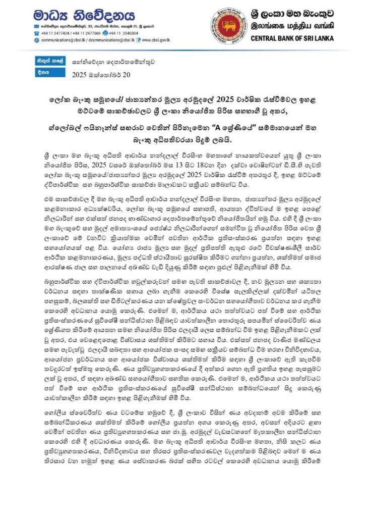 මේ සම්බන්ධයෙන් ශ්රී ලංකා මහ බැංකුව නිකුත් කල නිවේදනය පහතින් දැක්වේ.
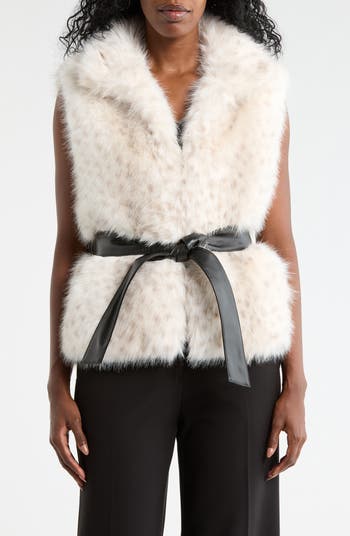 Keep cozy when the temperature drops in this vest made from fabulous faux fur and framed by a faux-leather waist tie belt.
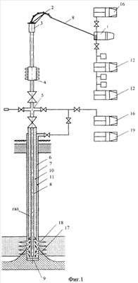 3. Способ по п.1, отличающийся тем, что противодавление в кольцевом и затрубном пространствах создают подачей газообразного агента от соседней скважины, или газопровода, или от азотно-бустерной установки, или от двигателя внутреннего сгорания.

WHAT YOU ARE ASKED TO DO: Copy out the listing above exactly, and keep the pictures out of it.

ANSWER TO THE EXERCISE:
 මේ සම්බන්ධයෙන් ශ්රී ලංකා මහ බැංකුව නිකුත් කල නිවේදනය පහතින් දැක්වේ.
 Keep cozy when the temperature drops in this vest made from fabulous faux fur and framed by a faux-leather waist tie belt.
 3. Способ по п.1, отличающийся тем, что противодавление в кольцевом и затрубном пространствах создают подачей газообразного агента от соседней скважины, или газопровода, или от азотно-бустерной установки, или от двигателя внутреннего сгорания.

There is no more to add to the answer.